● Given data
- - - -

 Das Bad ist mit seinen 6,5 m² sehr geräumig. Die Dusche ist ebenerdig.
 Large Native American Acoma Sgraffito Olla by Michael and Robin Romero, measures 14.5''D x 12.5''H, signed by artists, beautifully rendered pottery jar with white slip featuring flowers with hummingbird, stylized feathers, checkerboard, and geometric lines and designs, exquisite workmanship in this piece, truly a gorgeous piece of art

- - - -

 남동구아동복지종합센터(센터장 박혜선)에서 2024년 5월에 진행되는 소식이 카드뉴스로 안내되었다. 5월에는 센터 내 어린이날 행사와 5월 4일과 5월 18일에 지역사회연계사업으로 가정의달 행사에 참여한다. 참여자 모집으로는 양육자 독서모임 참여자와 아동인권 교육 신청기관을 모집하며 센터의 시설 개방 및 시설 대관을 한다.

- - - -

● What is expected
Only one stretch of the entries above is wanted: the lines from the one containing "Das Bad ist" through the one containing "Large Native American". Please reproduce it exactly.

● Answer for this exercise
 Das Bad ist mit seinen 6,5 m² sehr geräumig. Die Dusche ist ebenerdig.
 Large Native American Acoma Sgraffito Olla by Michael and Robin Romero, measures 14.5''D x 12.5''H, signed by artists, beautifully rendered pottery jar with white slip featuring flowers with hummingbird, stylized feathers, checkerboard, and geometric lines and designs, exquisite workmanship in this piece, truly a gorgeous piece of art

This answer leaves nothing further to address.